▸ Task goal: The answer must be an exact copy of the entries below, with no images in it.

▸ Dataset records:
****************
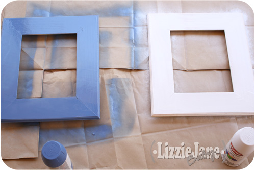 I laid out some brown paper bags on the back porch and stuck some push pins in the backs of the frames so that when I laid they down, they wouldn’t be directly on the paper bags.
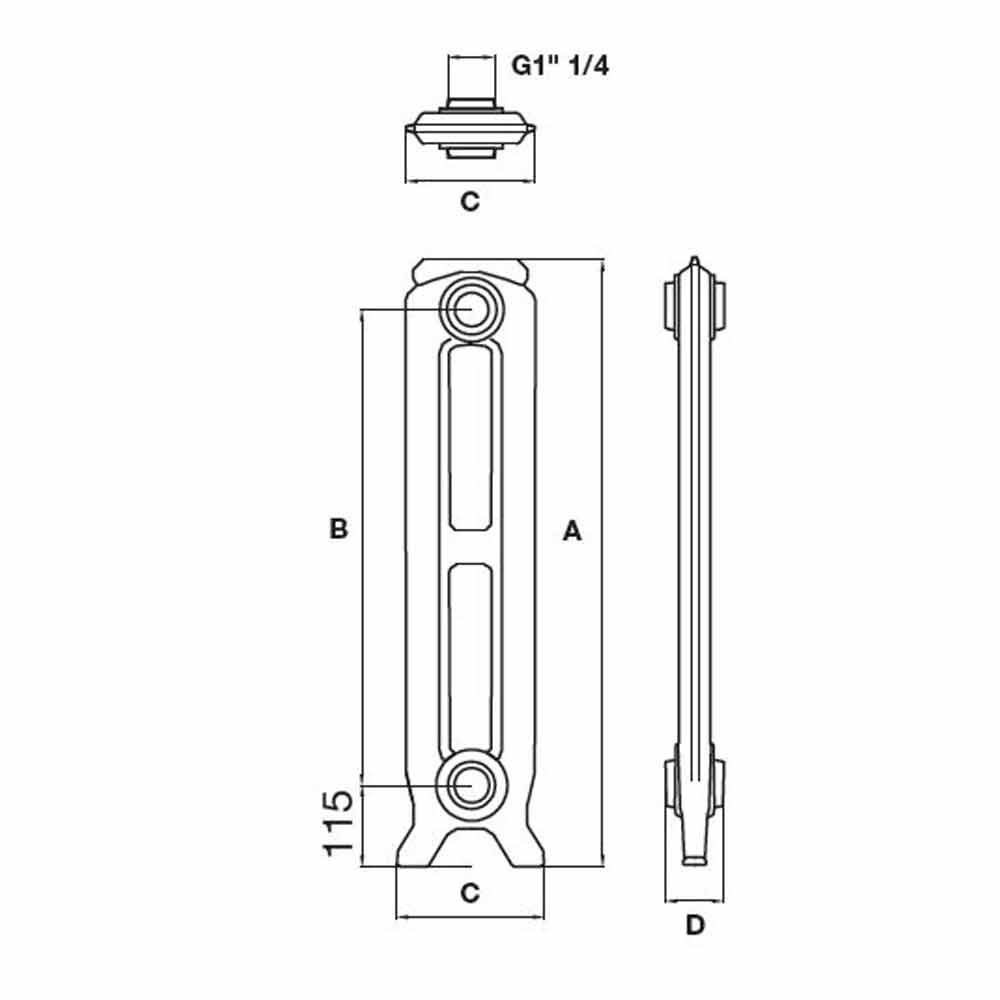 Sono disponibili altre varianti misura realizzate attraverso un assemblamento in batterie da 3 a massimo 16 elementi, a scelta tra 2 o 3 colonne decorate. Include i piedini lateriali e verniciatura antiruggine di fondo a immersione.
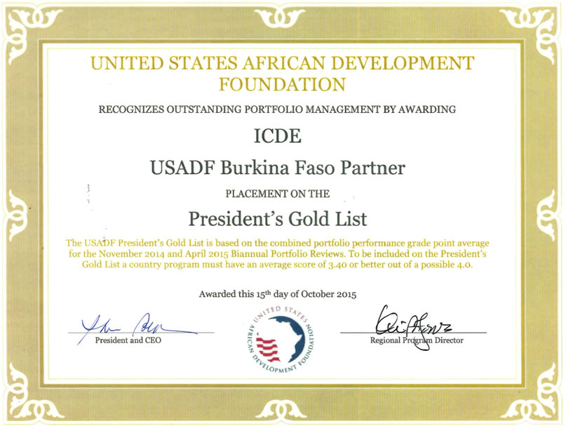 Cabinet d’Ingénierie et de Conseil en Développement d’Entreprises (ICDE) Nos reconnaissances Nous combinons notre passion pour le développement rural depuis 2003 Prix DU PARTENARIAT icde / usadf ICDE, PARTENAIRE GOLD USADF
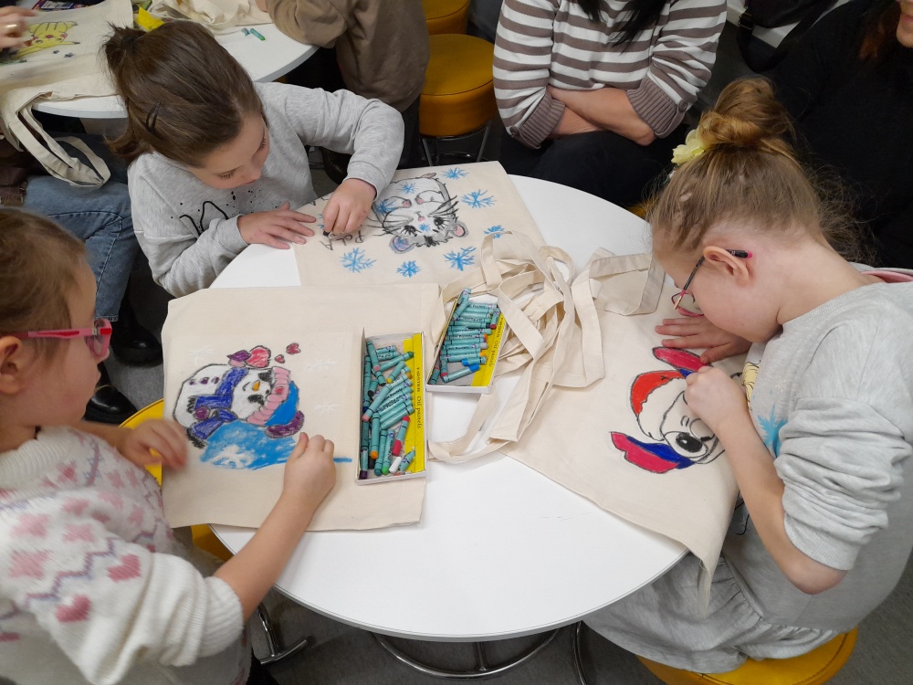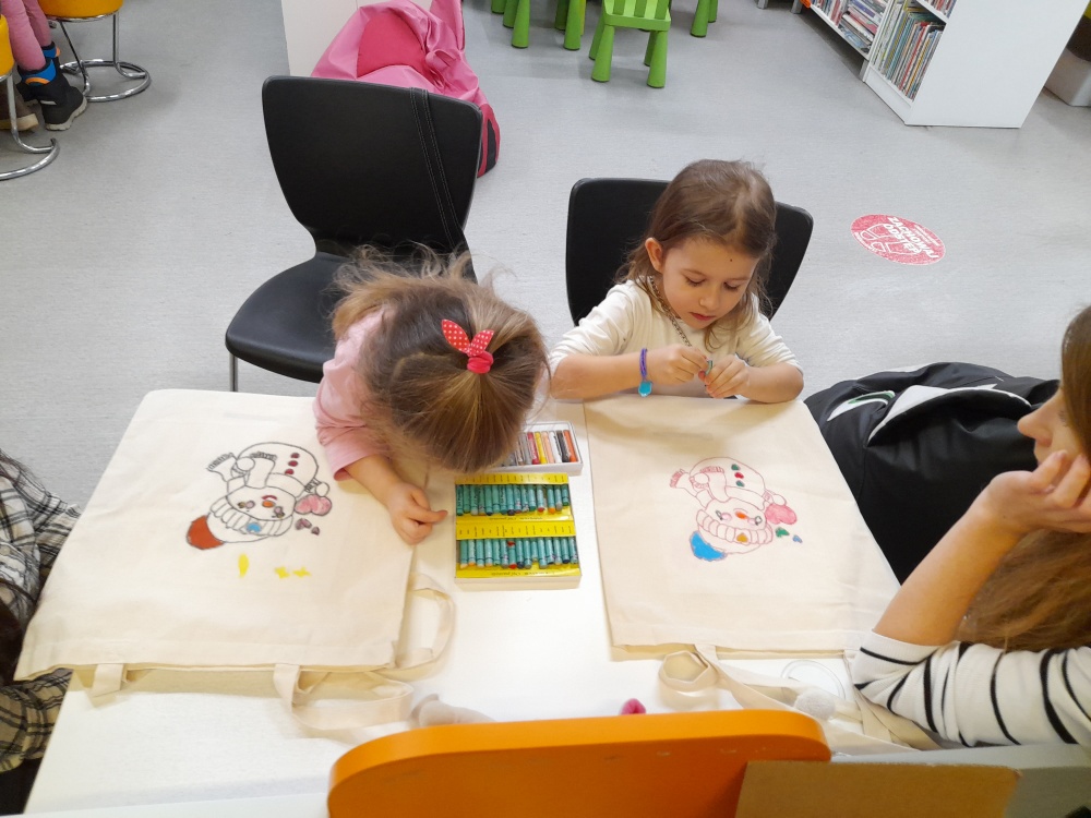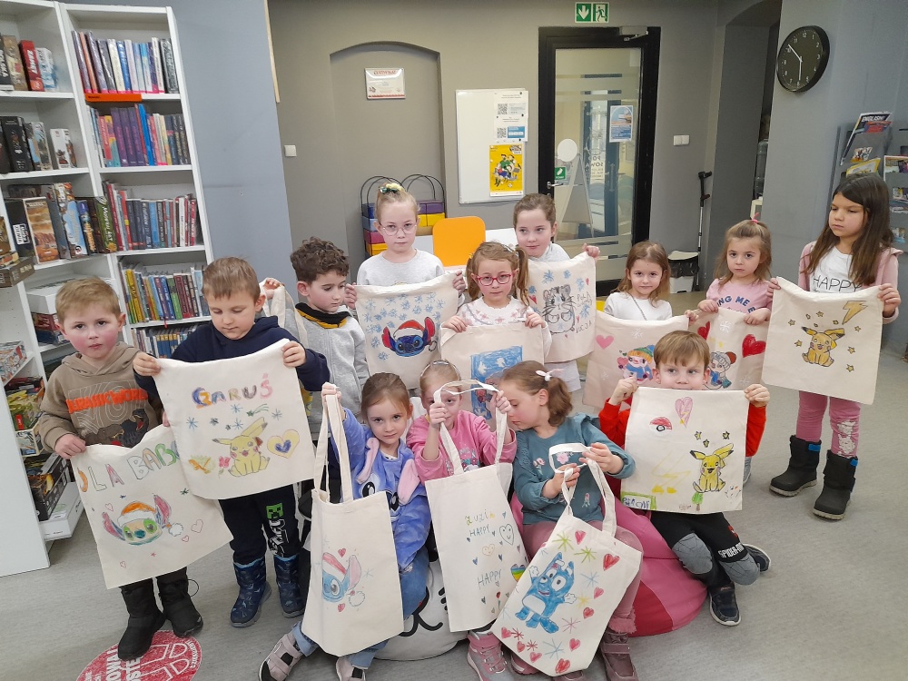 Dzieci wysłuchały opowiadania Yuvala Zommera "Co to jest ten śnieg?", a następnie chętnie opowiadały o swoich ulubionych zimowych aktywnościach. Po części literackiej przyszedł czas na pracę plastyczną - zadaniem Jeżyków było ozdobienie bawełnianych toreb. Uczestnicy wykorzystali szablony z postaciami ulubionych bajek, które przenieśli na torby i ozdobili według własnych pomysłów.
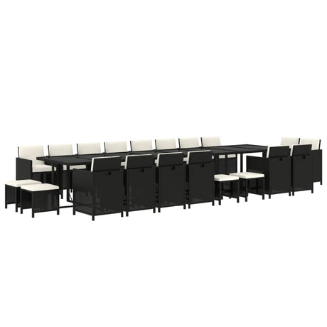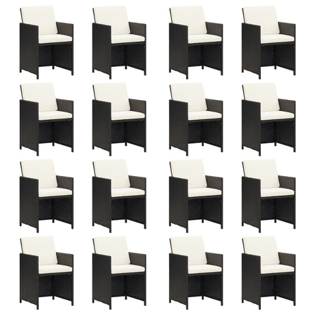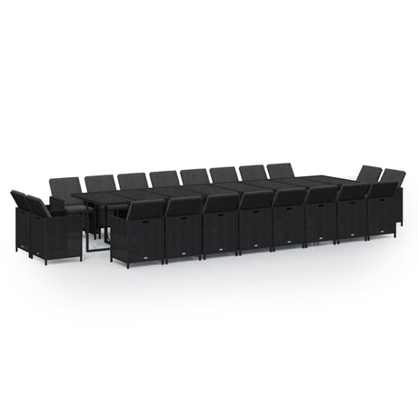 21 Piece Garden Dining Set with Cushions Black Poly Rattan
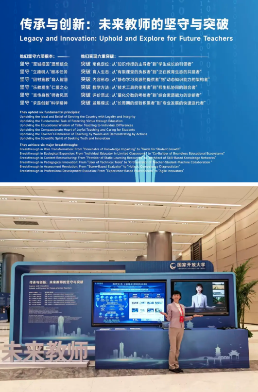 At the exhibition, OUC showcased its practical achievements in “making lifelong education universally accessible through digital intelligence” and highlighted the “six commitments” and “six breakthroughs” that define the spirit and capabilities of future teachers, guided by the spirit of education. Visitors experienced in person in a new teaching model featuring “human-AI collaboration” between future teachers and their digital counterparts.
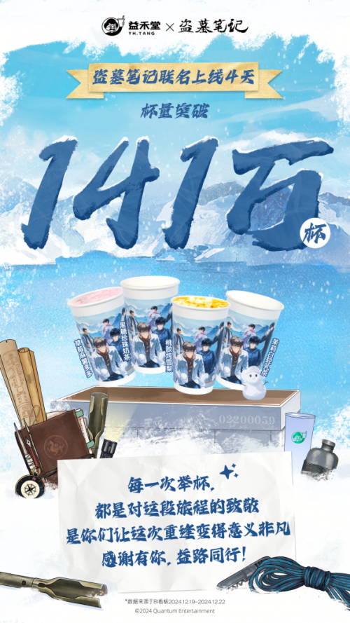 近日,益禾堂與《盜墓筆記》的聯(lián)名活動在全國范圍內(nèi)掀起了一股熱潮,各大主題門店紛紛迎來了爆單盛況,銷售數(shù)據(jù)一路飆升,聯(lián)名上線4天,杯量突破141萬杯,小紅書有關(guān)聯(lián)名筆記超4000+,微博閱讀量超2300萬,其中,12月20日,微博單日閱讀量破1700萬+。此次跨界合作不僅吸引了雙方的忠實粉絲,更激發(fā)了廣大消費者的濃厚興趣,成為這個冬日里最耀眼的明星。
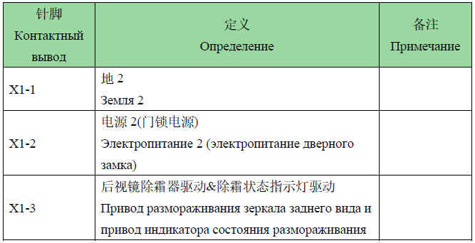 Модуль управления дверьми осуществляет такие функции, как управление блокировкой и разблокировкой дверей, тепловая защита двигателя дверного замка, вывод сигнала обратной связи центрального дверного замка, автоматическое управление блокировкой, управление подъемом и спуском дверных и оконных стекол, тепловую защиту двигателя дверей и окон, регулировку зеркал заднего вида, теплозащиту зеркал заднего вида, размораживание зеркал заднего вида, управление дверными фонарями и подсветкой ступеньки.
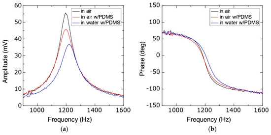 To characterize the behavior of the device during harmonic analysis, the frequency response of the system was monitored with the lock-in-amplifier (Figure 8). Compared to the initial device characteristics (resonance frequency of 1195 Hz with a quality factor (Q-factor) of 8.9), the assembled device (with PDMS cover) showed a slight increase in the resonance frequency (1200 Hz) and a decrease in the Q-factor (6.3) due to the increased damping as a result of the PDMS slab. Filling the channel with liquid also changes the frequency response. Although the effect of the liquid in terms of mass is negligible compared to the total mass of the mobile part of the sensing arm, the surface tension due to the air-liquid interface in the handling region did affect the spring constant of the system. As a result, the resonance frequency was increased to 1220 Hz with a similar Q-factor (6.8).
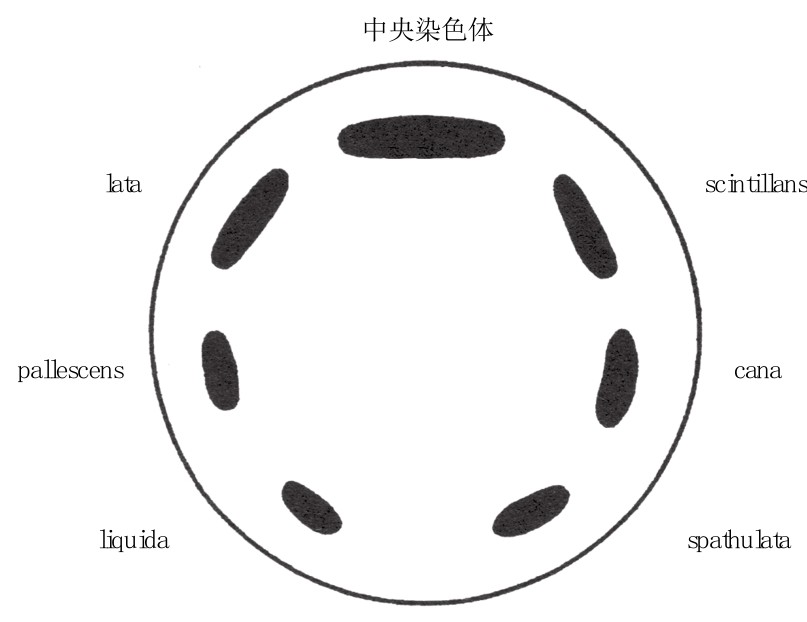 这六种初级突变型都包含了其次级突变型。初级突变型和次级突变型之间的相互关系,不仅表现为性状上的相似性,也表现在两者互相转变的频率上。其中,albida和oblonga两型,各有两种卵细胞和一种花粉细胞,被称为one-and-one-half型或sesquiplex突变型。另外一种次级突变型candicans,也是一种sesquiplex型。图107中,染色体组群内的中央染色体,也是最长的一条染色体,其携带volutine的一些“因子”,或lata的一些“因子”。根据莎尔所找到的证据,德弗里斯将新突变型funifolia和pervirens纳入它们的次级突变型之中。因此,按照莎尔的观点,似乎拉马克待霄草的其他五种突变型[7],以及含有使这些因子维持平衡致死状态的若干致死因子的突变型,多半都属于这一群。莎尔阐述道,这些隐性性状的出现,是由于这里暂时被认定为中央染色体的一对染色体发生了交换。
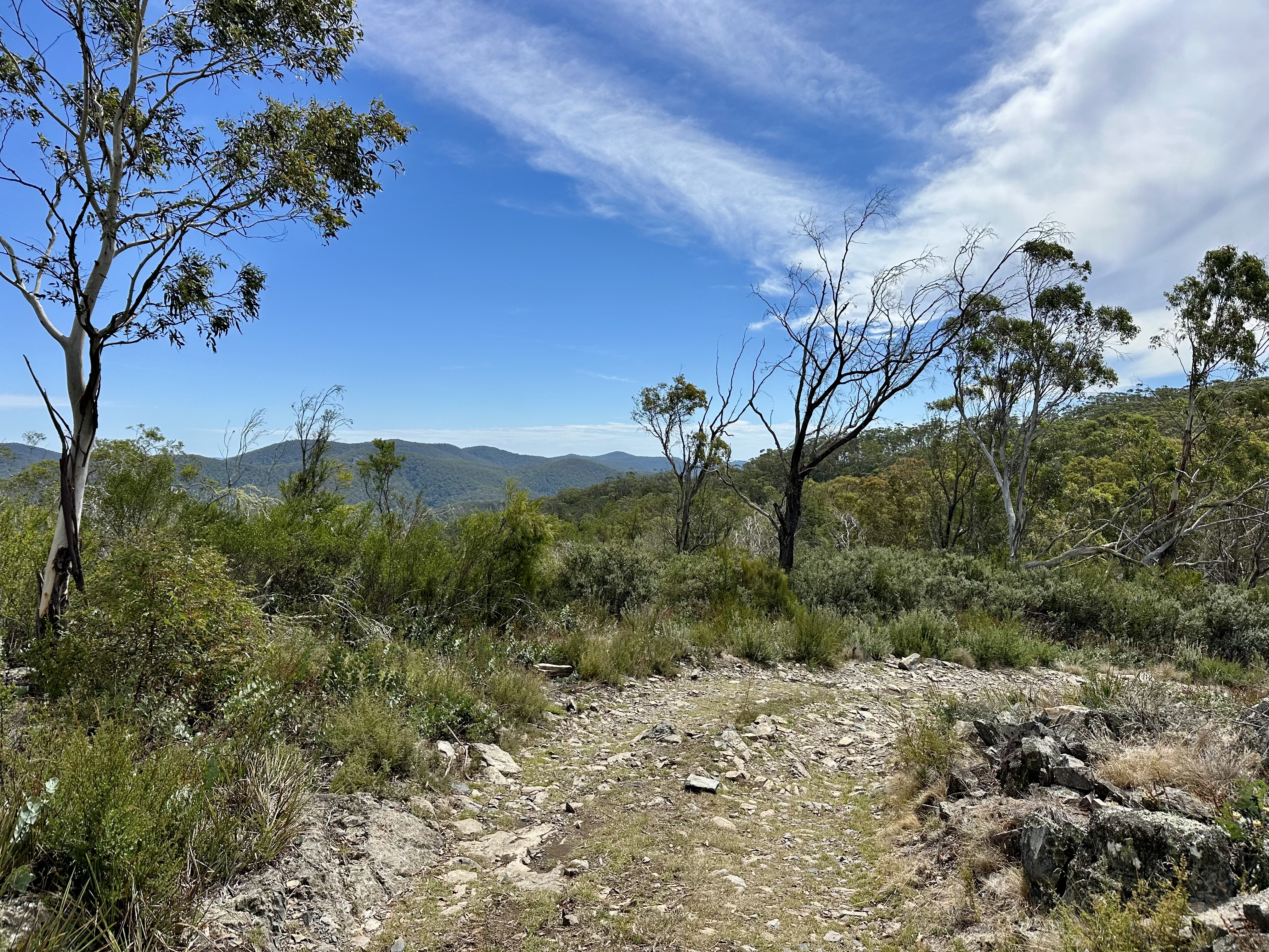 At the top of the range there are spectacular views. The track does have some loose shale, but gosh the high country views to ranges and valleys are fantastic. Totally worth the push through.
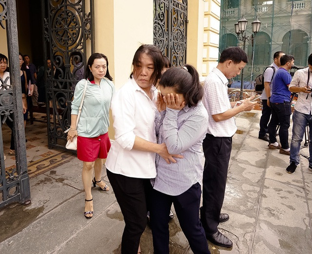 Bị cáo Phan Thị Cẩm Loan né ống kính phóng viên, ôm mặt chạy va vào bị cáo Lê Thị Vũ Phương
****************
▸ Expected output:
 I laid out some brown paper bags on the back porch and stuck some push pins in the backs of the frames so that when I laid they down, they wouldn’t be directly on the paper bags.
 Sono disponibili altre varianti misura realizzate attraverso un assemblamento in batterie da 3 a massimo 16 elementi, a scelta tra 2 o 3 colonne decorate. Include i piedini lateriali e verniciatura antiruggine di fondo a immersione.
 Cabinet d’Ingénierie et de Conseil en Développement d’Entreprises (ICDE) Nos reconnaissances Nous combinons notre passion pour le développement rural depuis 2003 Prix DU PARTENARIAT icde / usadf ICDE, PARTENAIRE GOLD USADF
 Dzieci wysłuchały opowiadania Yuvala Zommera "Co to jest ten śnieg?", a następnie chętnie opowiadały o swoich ulubionych zimowych aktywnościach. Po części literackiej przyszedł czas na pracę plastyczną - zadaniem Jeżyków było ozdobienie bawełnianych toreb. Uczestnicy wykorzystali szablony z postaciami ulubionych bajek, które przenieśli na torby i ozdobili według własnych pomysłów.
 21 Piece Garden Dining Set with Cushions Black Poly Rattan
 At the exhibition, OUC showcased its practical achievements in “making lifelong education universally accessible through digital intelligence” and highlighted the “six commitments” and “six breakthroughs” that define the spirit and capabilities of future teachers, guided by the spirit of education. Visitors experienced in person in a new teaching model featuring “human-AI collaboration” between future teachers and their digital counterparts.
 近日,益禾堂與《盜墓筆記》的聯(lián)名活動在全國范圍內(nèi)掀起了一股熱潮,各大主題門店紛紛迎來了爆單盛況,銷售數(shù)據(jù)一路飆升,聯(lián)名上線4天,杯量突破141萬杯,小紅書有關(guān)聯(lián)名筆記超4000+,微博閱讀量超2300萬,其中,12月20日,微博單日閱讀量破1700萬+。此次跨界合作不僅吸引了雙方的忠實粉絲,更激發(fā)了廣大消費者的濃厚興趣,成為這個冬日里最耀眼的明星。
 Модуль управления дверьми осуществляет такие функции, как управление блокировкой и разблокировкой дверей, тепловая защита двигателя дверного замка, вывод сигнала обратной связи центрального дверного замка, автоматическое управление блокировкой, управление подъемом и спуском дверных и оконных стекол, тепловую защиту двигателя дверей и окон, регулировку зеркал заднего вида, теплозащиту зеркал заднего вида, размораживание зеркал заднего вида, управление дверными фонарями и подсветкой ступеньки.
 To characterize the behavior of the device during harmonic analysis, the frequency response of the system was monitored with the lock-in-amplifier (Figure 8). Compared to the initial device characteristics (resonance frequency of 1195 Hz with a quality factor (Q-factor) of 8.9), the assembled device (with PDMS cover) showed a slight increase in the resonance frequency (1200 Hz) and a decrease in the Q-factor (6.3) due to the increased damping as a result of the PDMS slab. Filling the channel with liquid also changes the frequency response. Although the effect of the liquid in terms of mass is negligible compared to the total mass of the mobile part of the sensing arm, the surface tension due to the air-liquid interface in the handling region did affect the spring constant of the system. As a result, the resonance frequency was increased to 1220 Hz with a similar Q-factor (6.8).
 这六种初级突变型都包含了其次级突变型。初级突变型和次级突变型之间的相互关系,不仅表现为性状上的相似性,也表现在两者互相转变的频率上。其中,albida和oblonga两型,各有两种卵细胞和一种花粉细胞,被称为one-and-one-half型或sesquiplex突变型。另外一种次级突变型candicans,也是一种sesquiplex型。图107中,染色体组群内的中央染色体,也是最长的一条染色体,其携带volutine的一些“因子”,或lata的一些“因子”。根据莎尔所找到的证据,德弗里斯将新突变型funifolia和pervirens纳入它们的次级突变型之中。因此,按照莎尔的观点,似乎拉马克待霄草的其他五种突变型[7],以及含有使这些因子维持平衡致死状态的若干致死因子的突变型,多半都属于这一群。莎尔阐述道,这些隐性性状的出现,是由于这里暂时被认定为中央染色体的一对染色体发生了交换。
 At the top of the range there are spectacular views. The track does have some loose shale, but gosh the high country views to ranges and valleys are fantastic. Totally worth the push through.
 Bị cáo Phan Thị Cẩm Loan né ống kính phóng viên, ôm mặt chạy va vào bị cáo Lê Thị Vũ Phương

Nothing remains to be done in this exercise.